MERAUKE, SION YANG TERBELAH

(Sebuah Refleksi Ecclesia Domestica & Keutuhan Ciptaan) Dalam Ibadah Sidang Majelis Pekerja Lengkap (MPL) Persekutuan Gereja-Gereja di Indonesia (PGI) Pagi 2 Februari 2026.

A. Dampak Sosial-Ekonomi

“Kalian bicara tentang investasi. Tentang pertumbuhan ekonomi. Biar saya yang bicara tentang harga yang kami bayar.

Dulu, hutan adalah pasar dan mall kami. Sungai adalah bank kami. Di sana, ada semua yang kami butuhkan: sagu untuk makan, obat-obatan dari akar dan daun, protein dari ikan dan hewan buruan. Tidak ada yang namanya ‘pengangguran’, karena setiap orang punya peran dalam merawat dan mengambil dari alam itu.

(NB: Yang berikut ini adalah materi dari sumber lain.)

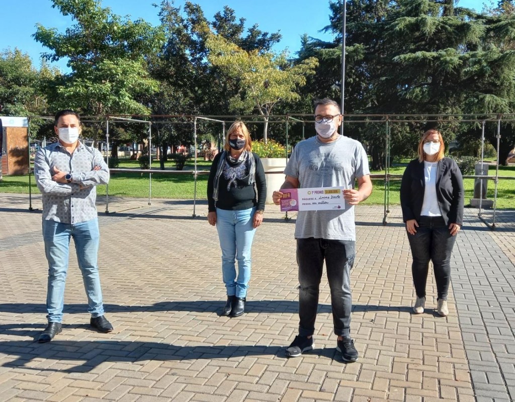 EN EL CENTRO CÍVICO   La rifa, que contó con la colaboración de Bomberos Voluntarios de Pirovano, tuvo sorteos mensuales y tres grandes premios en efectivo que fueron entregados este martes. El ganador del millón de pesos fue Lucas Iriarte de la localidad de Urdampilleta; Pilar Lemos fue la ganadora del segundo premio de $300 mil; y finalmente el tercer premio de $200 mil pesos se lo llevó el vecino de Bolívar Juan Alberto Soroa.   Teniendo en cuenta el contexto de pandemia, las ventas tuvieron que ser suspendidas el año pasado y ante la difícil situación el cuarto y quinto premio quedaron impagos por lo que el valor de los premios será destinado a la institución Bomberos Voluntarios de Pirovano, junto con un monto por la recaudación. "Agradecemos a Beatriz y sus vendedores que se encargaron de la venta de la rifa en esta año tan difícil", destacó Romera.    "Estamos muy contentos por poder hacer entrega de los premios. Agradecemos a la comunidad por acompañarnos, y a las Secretarias de Hacienda y Legal y Técnica de la Municipalidad que en conjunto pudieron llevar adelante la rifa", cerró Fernández.

Lalu datanglah mesin-mesin besar. Mereka datang membawa janji kemajuan. Janji lapangan kerja. Apa yang terjadi?

Kami tidak jadi kuli di tanah sendiri. Kami jadi penonton! Mereka datangkan tenaga dari luar, dengan keterampilan yang asing bagi kami. Kami yang tadinya ahli membaca hutan, jadi tidak berguna. Harga kebutuhan melambung, karena kami harus beli semuanya sekarang: beras, sayur, minyak. Sagu kami sudah tidak ada. Ikan di sungai sudah keracunan.

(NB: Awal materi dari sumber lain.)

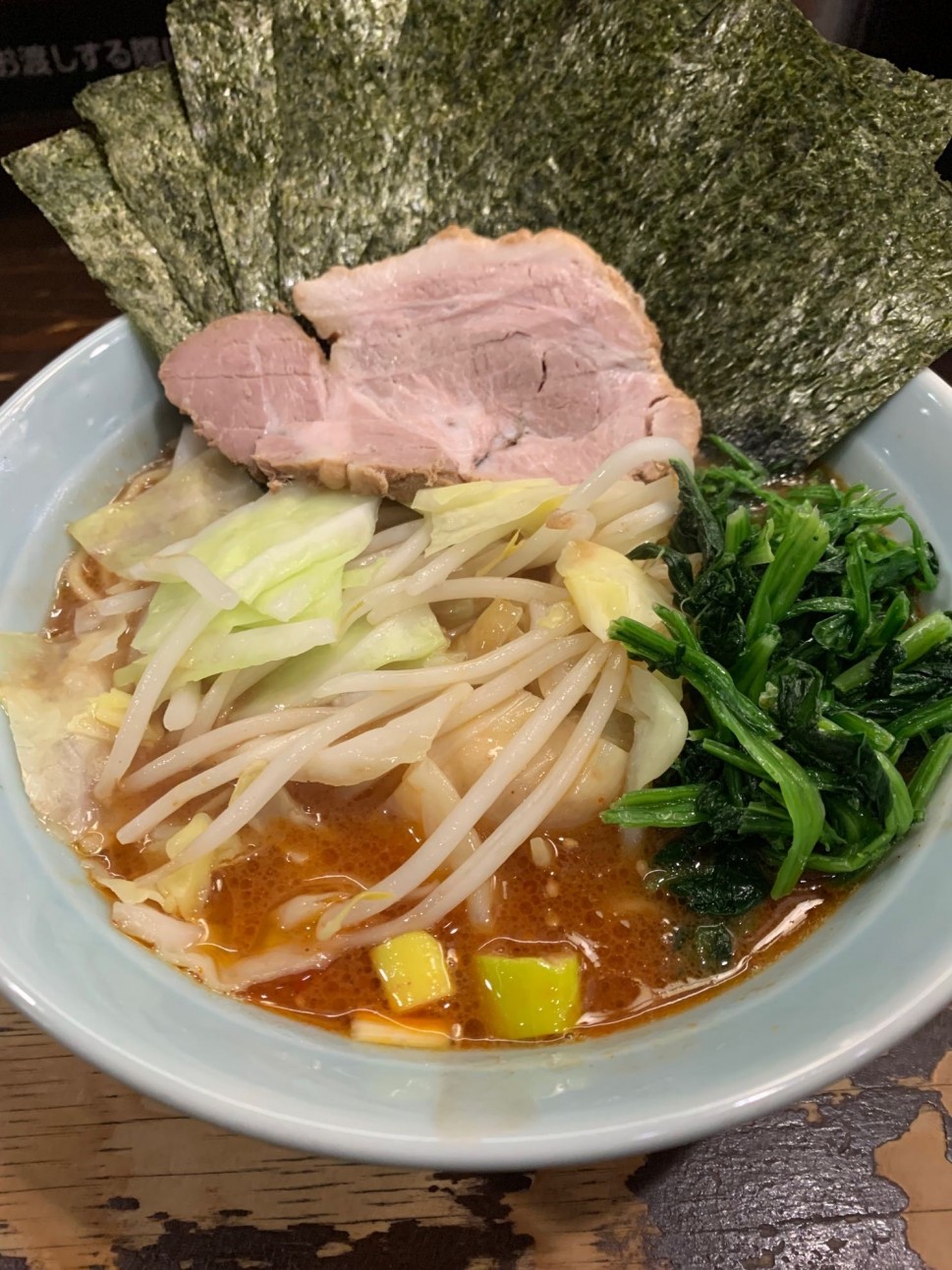 真夜中に食べた罪なピリ辛家系、辛味は卓上の豆板醤で増すしか無いけど、塩味が強くなってしまうので注意

Pemuda-pemuda kami yang putus asa, terpaksa jual tanah warisan leluhur dengan harga murah. Atau mereka pergi merantau, menjadi orang asing di kota-kota besar, terputus dari akar dan identitas. Yang tertinggal adalah orang tua yang meratapi kuburan nenek moyang yang sudah diuruk tanah timbunan.

Ini bukan kemiskinan yang bisa diukur dengan uang. Ini adalah kemiskinan jiwa. Kami kehilangan martabat sebagai penjaga. Kehilangan otonomi sebagai manusia merdeka. Yang tersisa adalah ketergantungan dan kepahitan. Kerusakan alam ini bukan hanya meracuni sungai, tapi juga meracuni masa depan anak-cucu kami. Mereka warisi tanah yang tandus dan warisan budaya yang patah. Ini adalah krisis eksistensi. Kami bertanya: siapa kami sekarang, setelah hutan yang mendefinisikan kami hilang?”

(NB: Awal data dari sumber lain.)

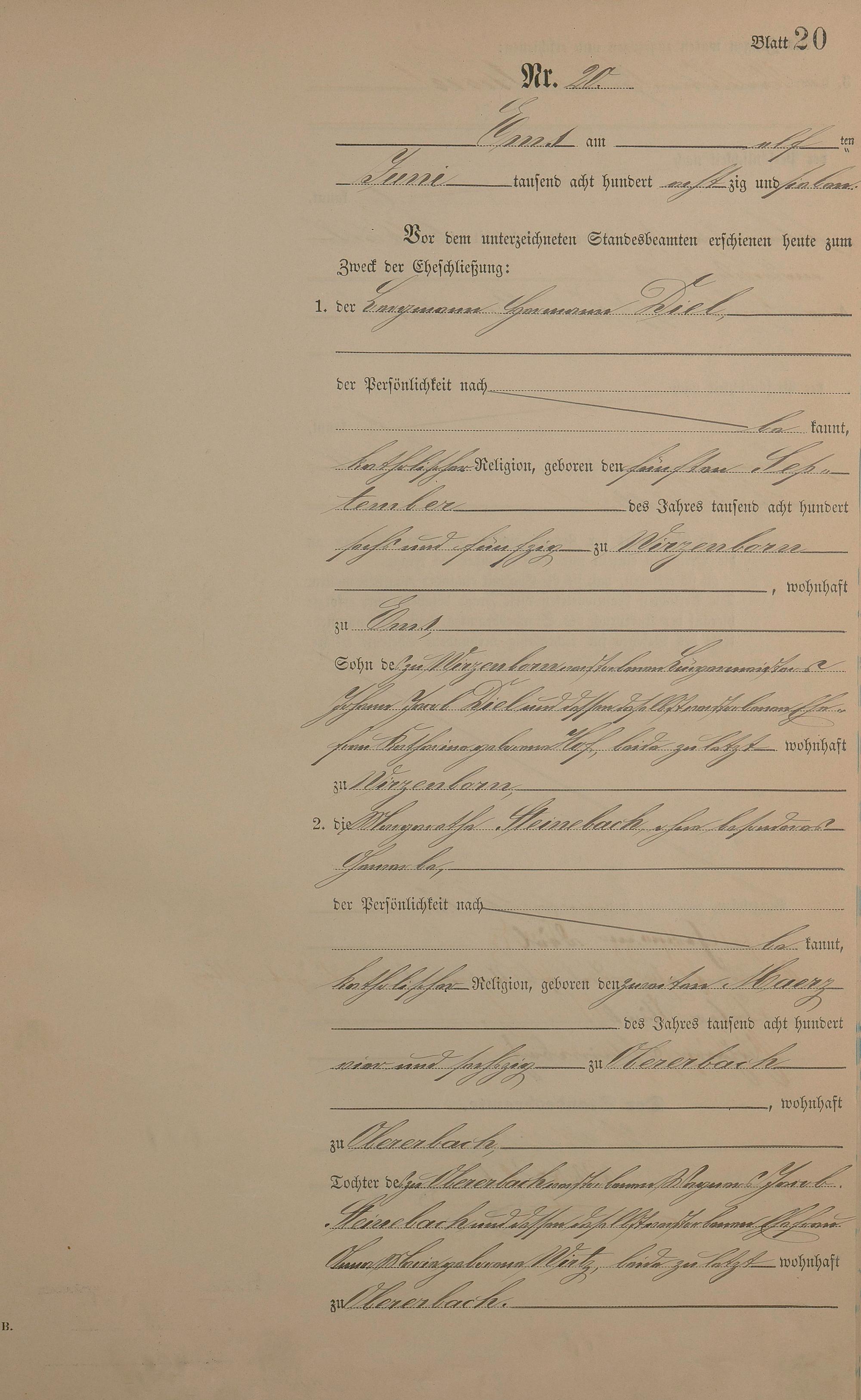 Heiratsregister 1887

B. Lanskap Kerusakan Ekologis

“Biarkan bumi yang bicara melalui saya. Dengarkan keluhannya.
Pergilah ke tempat rawa sagu yang dulu hijau lebat. Sekarang, yang kau dengar bukan lagi gemerisik daun, tetapi deru mesin penyedot air yang tak kenal lelah. Yang kau lihat bukan lagi kanopi rimbun, tetapi langit kosong yang menyengat. Tanah gambut yang dulu basah, menyimpan air dan kehidupan, kini kering kerontang dan rentan terbakar. Asapnya membakar mata dan paru-paru kami.

Pergilah ke sungai-sungai. Airnya yang dulu jernih kecoklatan, tempat anak-anak kami mandi dan perempuan kami mencuci, sekarang berwarna hitam pekat atau keruh kuning. Limbah dan sedimentasi telah membunuhnya. Tidak ada lagi ikan yang melompat. Hanya plastik dan buih-buih busuk yang mengambang. Sungai bukan lagi urat nadi kehidupan; ia menjadi parit kematian.

Lihatlah satwa-satwa kami. Burung Cenderawasih, mambruk yang anggun, kehilangan rumah dan tempat ia memanggil pasangannya. Kanguru yang lugu, bingung melompat di antara tunggul-tunggul kayu. Suara hutan yang dulu adalah simfoni yang kompleks kicauan burung, desau angin, lengkingan kunang-kunang kini berganti menjadi monoton: dengung mesin, dentuman, dan kemudian… sunyi. Sunyi yang menakutkan.

Setiap hektar yang dibuka, setiap pohon yang dirobohkan, adalah luka yang menganga di tubuh Papua. Luka ini berdarah, dan yang keluar bukan getah, tetapi masa depan yang menguap. Kami menyaksikan pemakaman besar-besaran atas sebuah dunia. Dan kami dipaksa untuk menghadiri upacara kematian itu setiap hari.”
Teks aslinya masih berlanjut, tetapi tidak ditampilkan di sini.